In such a case of day long system blocks, all the messages would unfortunately print out without any delay between them. But on the bright side, the clock callback timestamps would ensure that you see them print out in the correct order. Additionally stuff like [timer] would output a value _as_ _if_ those delay objects had fired with the timestamps you provided them.

Now, in that same day-long block system, from what I understand you could use [vline~] to have ramps (or jumps) in the signal at the relevant meal times. That's one of the reasons Pd's clock API is very useful. Still, there's no way I know to get events to actually fire at anything lower than the system block time. At least not without doing your own timekeeping inside your external.

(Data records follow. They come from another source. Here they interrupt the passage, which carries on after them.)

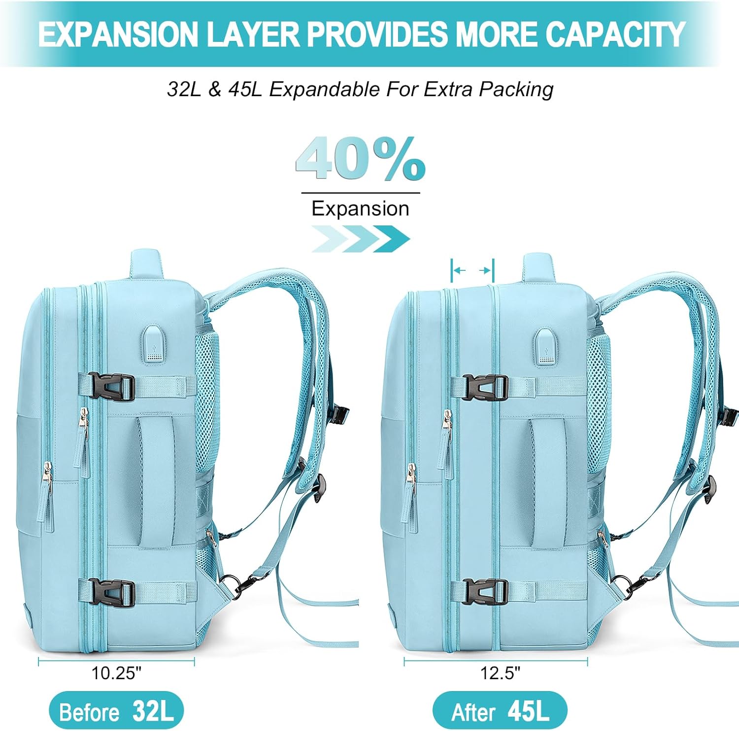 Expandable Travel Backpack:With an expandable capacity that goes from 22L to 42L, you’ll have all the space you need for 3-5 day trips or everyday commuting, giving you the freedom to take everything you need with you. And this carry on backpack meets IATA-approved size requirements, you can easily store it in the overhead bin or under your seat without any hassle. Whether you’re traveling around the world or just around town, It is the perfect companion for your next adventure.
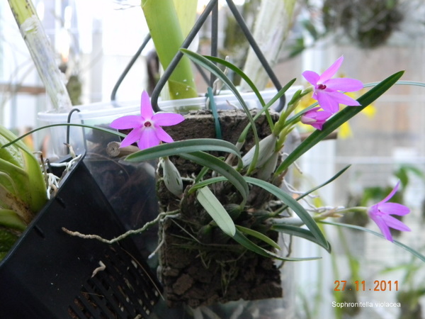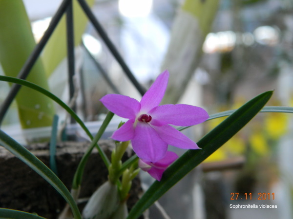 přidávám Sophronitellu violaceu, velmi pěknou malou orchidku. Barva odpovídá skutečnosti na fotce, kde je detail květu. Tahle barva mi moc fotit nejde, vždycky to vypadá jinak, než ve skutečnosti.. ;) ale kytička je to nádherná.
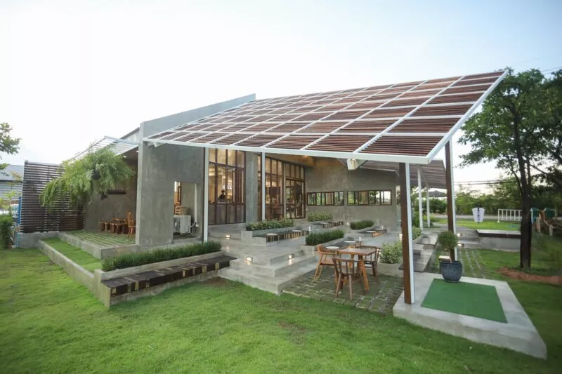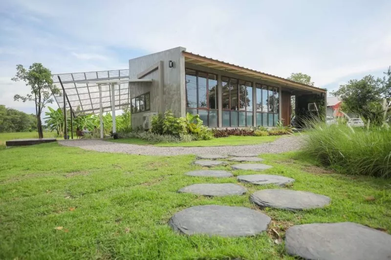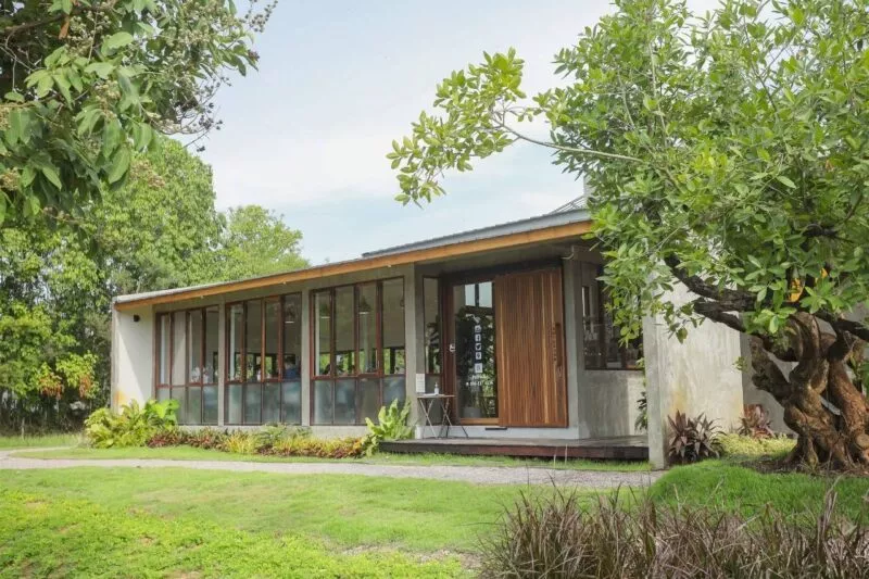 สำหรับคาเฟ่ที่โอบล้อมด้วยสีเขียวของทุ่งนาและสวนกล้วยแห่งนี้ ก่อนจะถูกแปลงโฉมโดยเจ้าของร้านซึ่งเป็นสถาปนิกหนุ่มชาวเชียงราย ที่มีแรงบันดาลใจอยากสร้างพื้นที่ที่ผสมความเรียบง่ายกับความตั้งใจในทุกดีเทล จึงออกแบบสถาปัตยกรรมสไตล์ Minimal Urban ผสม Loft ให้ตัวอาคารปูนเปลือยสีอ่อนขัดมันดูสะอาดตา ตัดกับเฟอร์นิเจอร์ไม้โทนอบอุ่นที่ชวนให้นั่งได้นานโดยไม่รู้สึกแข็งกระด้าง เพดานภายในเล่นระดับต่อเนื่องกับขั้นบันไดด้านนอก ทำให้เกิดมิติและความเชื่อมโยงระหว่างพื้นที่ในร้านกับสวนด้านนอก กระจกบานใหญ่รอบด้านเปิดรับแสงและวิวธรรมชาติเต็มสายตา นั่งแล้วสบายตาไม่อึดอัดแม้ในวันที่แดดแรง ด้านหลังร้านมีสวนเล็ก ๆ ร่มรื่นจัดไว้อย่างพอดี เหมาะทั้งกับการพักสายตาและถ่ายรูปแบบไม่ต้องจัดท่ามาก
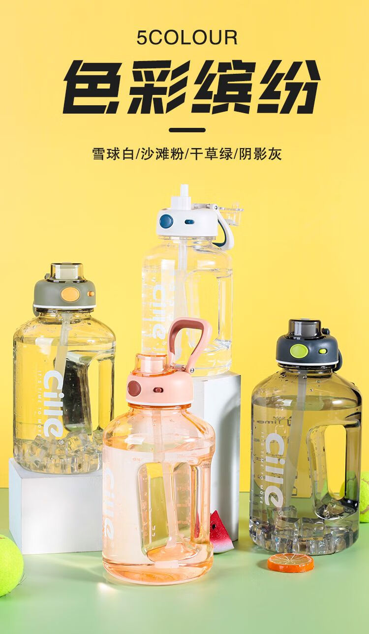 Xile large-capacity water cup for men and women sports water bottle bucket ton bucket ton cup high temperature resistant ton bucket Chinese style snowball white 1.0L
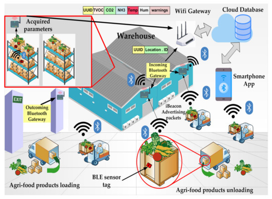 Furthermore, a tracking and tracing system was designed, based on BLE sensor tag applied to the plastic or wooden container, where the fresh or already processed agricultural products are stored. The low-power consumption BLE tag is equipped with several sensors for monitoring the parameters useful to determine the freshness status and the storing conditions of different types of food products (i.e., temperature, humidity, total volatile organic compounds (TVOCs)-level, ammonia (NH3) and carbon dioxide (CO2)-concentrations). The variety of detected parameters makes the realized device extremely versatile for monitoring different food typologies (vegetables, meat, fish, etc.), as demonstrated in the literature analysis in Section 2.3, a unique feature not found in other competitor systems reported in the literature as well as available on the market. Additionally, the developed BLE smart tag is reusable for a long time on the same container or, if the container is damaged, it can be easily removed and applied on another container, as following detailed in Section 3.3. In addition, the iBeacon technology is exploited to support the tracking system in the monitoring of the agri-food stored products on the whole supply chain (SC), so providing a value-added service to the consumers. Alternating iBeacon phase with low duty-cycle acquisition and transmission phases, the developed BLE device acts like a reprogrammable tag capable to monitor the freshness indexes of the stored food typology. A prototype of the BLE smart tag was tested to verify its correct operation and evaluate the energy autonomy, which turned out to be about 5.6 months. A mobile application was developed to remotely monitor the tracking and storing parameters acquired by the BLE tags placed inside the containers with the agri-food products. Both the BLE tag and tracking system were tested in different real operative scenarios, by using oranges and frozen codfish fillets placed inside plastic and polyethylene containers, demonstrating their correct operation.

Anyway, if you make the external to output a bang inside the perform routine, try it at [block~ 1], and measure the logical time between outputs with [timer]. My prediction is that it will measure "0", which is wrong. So I think you'll have to do the math inside the perform routine to figure out what the delay would be given a block size below 64, and then use clock_set to output the bang with the relevant delay specified.

-Jonathan




On Sun, Mar 15, 2015 at 11:55 AM, Jonathan Wilkes via Pd-list
<pd-list@lists.iem.at> wrote:
snapshot~ is to vsnapshot~ what line~ is to vline~.

Did you read the chapter of Miller's book which he linked to here?

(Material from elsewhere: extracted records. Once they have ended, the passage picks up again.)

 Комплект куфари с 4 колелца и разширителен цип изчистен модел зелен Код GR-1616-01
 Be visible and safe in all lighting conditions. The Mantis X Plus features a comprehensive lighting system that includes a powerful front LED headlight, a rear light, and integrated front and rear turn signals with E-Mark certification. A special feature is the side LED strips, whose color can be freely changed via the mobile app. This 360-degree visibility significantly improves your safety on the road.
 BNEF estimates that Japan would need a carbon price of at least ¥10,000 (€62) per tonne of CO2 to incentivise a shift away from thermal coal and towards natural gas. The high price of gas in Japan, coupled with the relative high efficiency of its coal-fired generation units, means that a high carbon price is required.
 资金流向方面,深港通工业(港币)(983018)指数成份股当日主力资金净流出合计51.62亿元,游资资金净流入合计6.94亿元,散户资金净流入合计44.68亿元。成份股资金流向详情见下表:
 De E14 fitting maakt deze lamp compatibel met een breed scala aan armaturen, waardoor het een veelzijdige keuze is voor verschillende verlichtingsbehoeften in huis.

On Saturday, March 14, 2015 11:55 AM, Alexandre Torres Porres
<por...@gmail.com> wrote:


moreover, [snapshot~] will also print 64 equal values of the last value in a
64 block even if the patch is running at a block size of "1", being this
kind of behaviour my biggest surprise that i point in this thread.

2015-03-14 12:17 GMT-03:00 Alexandre Torres Porres <por...@gmail.com>:

snapshot~ will always output the last sample from an audio block of 64
This sounded strange at first to me, but it makes sense if you consider
that snapshot~'s role is to give you one audio sample from the audio
stream. Since you will only receive messages in between audio blocks the
last sample in a vector is the one that is closest (in timing) to the
point at which you receive the value in the gui.

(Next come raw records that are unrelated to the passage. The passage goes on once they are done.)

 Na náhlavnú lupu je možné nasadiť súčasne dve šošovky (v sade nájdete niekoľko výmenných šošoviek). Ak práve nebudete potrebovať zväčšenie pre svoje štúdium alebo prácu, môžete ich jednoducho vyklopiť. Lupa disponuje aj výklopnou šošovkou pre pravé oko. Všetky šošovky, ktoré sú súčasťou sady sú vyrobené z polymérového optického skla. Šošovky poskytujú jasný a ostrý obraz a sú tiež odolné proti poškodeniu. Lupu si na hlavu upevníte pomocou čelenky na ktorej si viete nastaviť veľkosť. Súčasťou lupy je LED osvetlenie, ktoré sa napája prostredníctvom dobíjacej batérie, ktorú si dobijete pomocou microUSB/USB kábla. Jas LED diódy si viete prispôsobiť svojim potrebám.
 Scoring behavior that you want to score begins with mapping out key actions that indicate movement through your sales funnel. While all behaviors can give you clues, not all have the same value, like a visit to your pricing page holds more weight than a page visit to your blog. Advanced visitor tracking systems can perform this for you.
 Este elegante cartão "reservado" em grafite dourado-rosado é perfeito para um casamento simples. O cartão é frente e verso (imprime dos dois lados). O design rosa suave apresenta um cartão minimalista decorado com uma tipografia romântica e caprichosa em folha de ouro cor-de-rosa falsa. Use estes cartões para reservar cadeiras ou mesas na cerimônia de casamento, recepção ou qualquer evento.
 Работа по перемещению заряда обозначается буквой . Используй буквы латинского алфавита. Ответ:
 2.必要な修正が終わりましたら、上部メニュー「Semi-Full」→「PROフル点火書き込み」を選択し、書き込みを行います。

For snapshot, I know I ran proper tests as I was comparing it to vsnapshot~,
meaning that it wasn't constricted to the bang gui behaviour. So sending
bangs at every sample did only spit out 64 equal values of the last sample
in the block - whereas [vsnapshot~] can give a value for each sample.

cheers



2015-03-14 12:13 GMT-03:00 Alexandre Torres Porres <por...@gmail.com>:

print~ will always start printing from the beginning of a 64 block period
The same here. Perhaps it helps to see print~ as the object that gives
you one audio block as numbers rather than an 'audio rate print' that
does things faster than message timing.

I also meant that it can't help but start from a 64 block boundary, even if
the block is less, such as "1", but I think that this is because the bang
button is always aligned to a 64 block tick, as I pointed out later, so I
may have to run other tests to see how [print~] actually behaves with
different size blocks.

cheers

2015-03-14 6:21 GMT-03:00 Peter P. <peterpar...@fastmail.com>:

* Alexandre Torres Porres <por...@gmail.com> [2015-03-14 07:36]:
It seems there are other objects that somehow restrict themselves to a 64
size block minimum.

print~ will always start printing from the beginning of a 64 block period
The same here. Perhaps it helps to see print~ as the object that gives
you one audio block as numbers rather than an 'audio rate print' that
does things faster than message timing.

snapshot~ will always output the last sample from an audio block of 64
This sounded strange at first to me, but it makes sense if you consider
that snapshot~'s role is to give you one audio sample from the audio
stream. Since you will only receive messages in between audio blocks the
last sample in a vector is the one that is closest (in timing) to the
point at which you receive the value in the gui.